Слава Богу, всё-таки добрались, на этот раз ему даруется жизнь. Брестский вокзал оказывается сплошь заваленным телами спящих в тех же серых солдатских шинелях. Те же шинели заполняют всю привокзальную площадь. Тут и там пылают костры, точно это не величавый город Москва, а полустанок в степи или кочевье татар. К безмолвному зимнему небу поднимаются целые тучи махорного дыма.

Обнаружить извозчика не удаётся. Говорят, что с первой вестью о второй революции извозчики сами собой исчезают с улиц Москвы. Трамваи ползут переполненными, вызывая в памяти бочки с селёдкой, которые тоже куда-то исчезли, точно и не было никогда прежде сельдей. В трамваях стоит визгливая брань, и невозможно не видеть, что под магическим жезлом революционных событий между людьми вдруг поселилась крутая вражда. До ушей его долетает ещё не знакомый, но многообещающий крик:

— Да тебя надо к стенке приставить!

Я вижу, как мой несчастный герой, интеллигентнейший человек, дружелюбный и мягкий, привыкший видеть людей спокойными, с беспечными лицами, невольно сжимается и с подозрением поглядывает по сторонам и натыкается взглядом на одни озлобленные, непримиримые лица людей, решившихся во что бы то ни стало отстоять своё право, нисколько не считаясь с таким же точно правом других. Да, соглашается он, именно так, приставят к стенке за милую душу, не дожидаясь скорого революционного трибунала, а и революционный трибунал никого не щадит, так и во Франции было, Кареев в Муравишниках говорил.

В учреждениях, которые он отчего-то никогда не любил, окончательно водворяется какая-то чепуха. Одни учреждения закрыты совсем на замок, и неизвестно решительно никому, когда они будут открыты. В других комиссары ещё только принимают дела, но по комиссарам тотчас видать, что толку выйдет немного. В третьих же не имеют никакого понятия, что и как надо решать по нынешним шальным временам. Оно и понятно: стенки кругом, попробуй реши.

Он колесит по Москве, точно потерянный, не веря глазам. От недавних боёв с юнкерами пострадали целые улицы. Валяются неубранные столбы с перепутанной проволокой. Звенят под ногами медные гильзы, которые тоже не убирает никто, точно дворников тоже не было никогда. Торчат остовы зданий, в частоколе осколков глядят разбитые окна, а стены обезображены вмятинами от пуль. В Художественном дают “Три сестры”. Митингуют у подножия Скобелева, у подножия Пушкина и на Таганке. На Поварской в каждом доме штаб анархистов, всюду пулемёты торчат, во дворах кое-где стоят трёхдюймовки. В “Метрополе” шампанское пьют и расплачиваются простынями неразрезанных керенок. Продовольствия нет, сахара нет, за хлебом вьются громадные сказочные хвосты, которые он видит ещё в первый раз и уже будет видеть до конца своих дней. По Тверской проходят матросы в чёрных бушлатах, с пулемётными лентами через плечо. В кафе поэтов сделана на стене безобразная надпись, способная навсегда убить уваженье к поэтам: “Я люблю смотреть, как умирают дети”. За столиками плотно сидят литераторы, спекулянты, обитатели, искатели развлечений. Рядом с поджаренными кусочками чёрного хлеба, пирожными революции, и чашками кофе воронёной сталью чернеют открытые маузеры.

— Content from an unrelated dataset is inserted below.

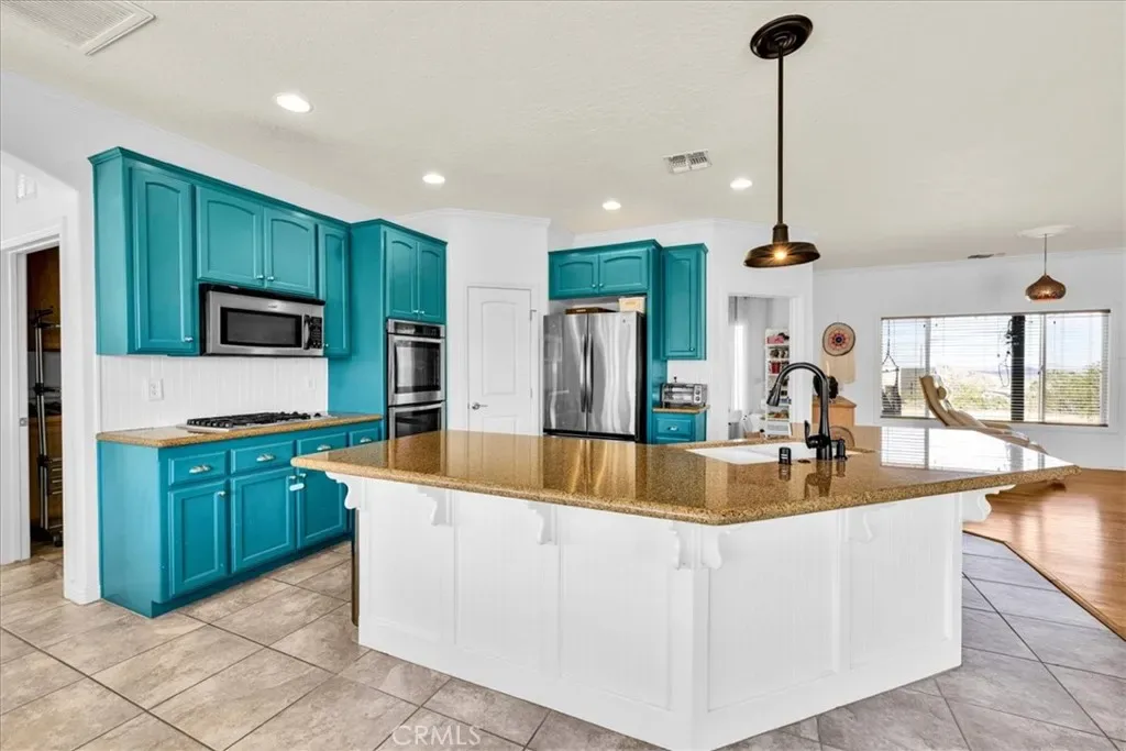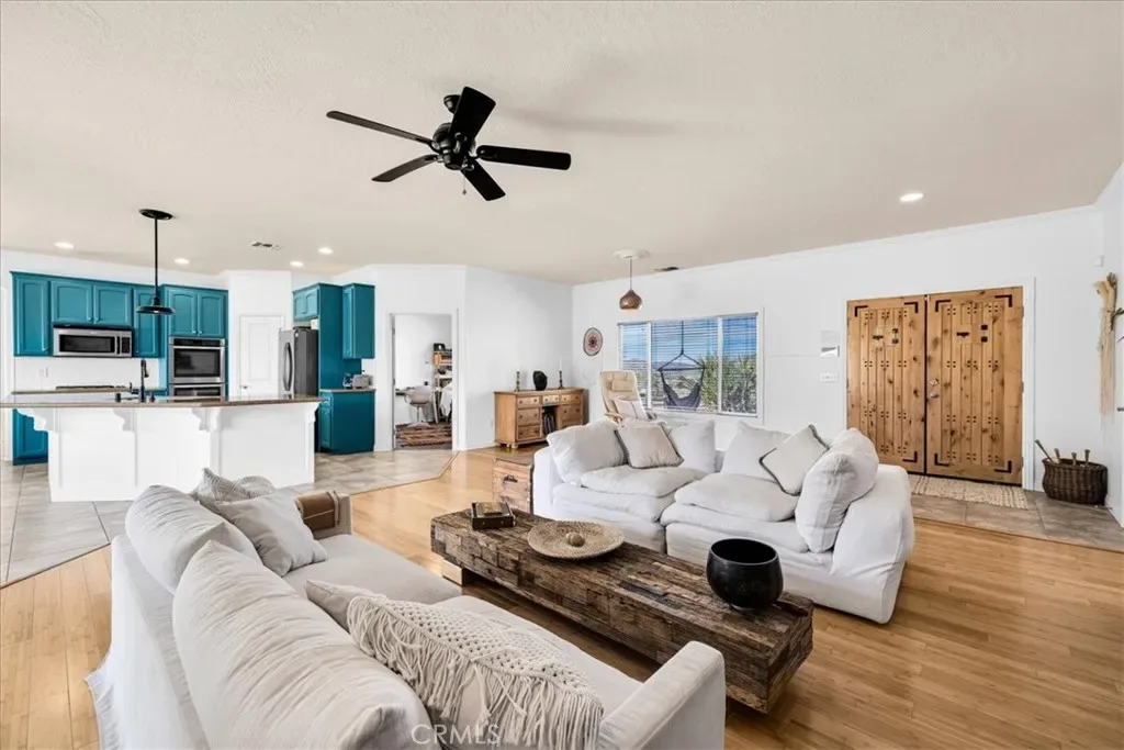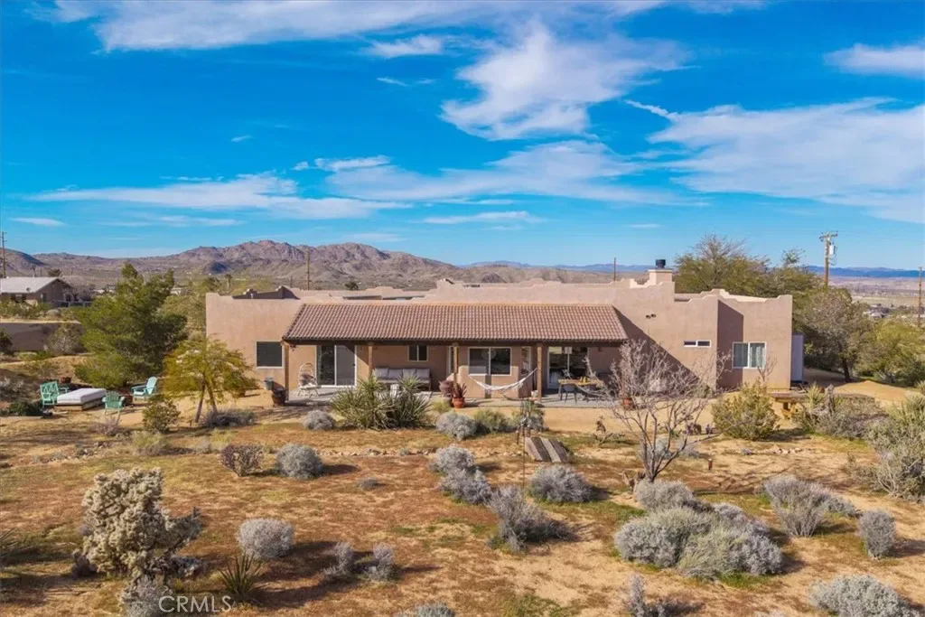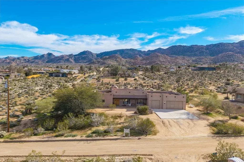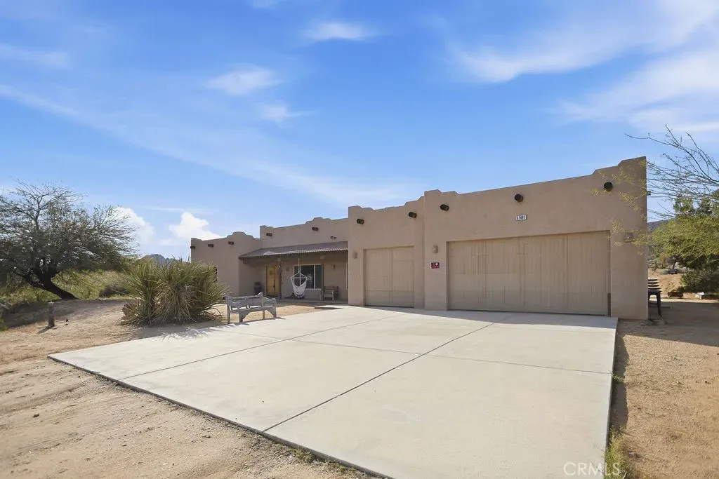 Gorgeous four-bedroom, two-bathroom luxury home with 2,106 sq. ft. nestled on over an acre of prime Joshua Tree land, just minutes from hiking, shopping, dining, and the world-famous Joshua Tree National Park! The drive up to this stunning property sets the mood as you see rolling hills filled with vast desert landscapes and majestic boulder mountains in the backdrop. Upon arrival, you’ll notice a beautiful Santa Fe design, a three-car garage with custom doors, a covered front patio, and a unique double wood door entry.

Становится очевидным, что его не уволят, потому что некому увольнять. Дезертировать он, представьте себе, не способен, не научился ещё. Приходится несолоно хлебавши возвращаться в проклятую Вязьму, где проще простого оказаться у стенки, поскольку в маленьком городке паразиты и офицеры, то есть заклятые враги революции, у всех на виду.

Но прежде он едет в Саратов, к тёще и к тестю. Все признаки катастрофы на каждом шагу. Развал и безвластье, неразбериха и дикая ненависть к каждому, кто не народ, в особенности лютейшая ненависть к офицерам. Он растерян. Тёмные предчувствия всё сильнее, неотступнее сокрушают его. Все его товарищи по гимназии, по университетскому курсу в офицерских шинелях. Как давно в офицерских шинелях вся русская интеллигентная молодёжь. Сестра Варя замужем за офицером. Муж Нади, Земский Андрей, филолог с университетским дипломом, — прапорщик артиллерии, стоит с дивизионом в Царском Селе. В военное училище поступает Николка, ещё в сентябре, стало быть, юнкер теперь, а юнкеров ненавидят ещё лютей офицеров. Ясно, всех друзей, всю родню перебьют. Как же быть? Как жить в постоянном ожидании, что тебя схватит за шиворот первый встречный солдат и тут же приставит к стене?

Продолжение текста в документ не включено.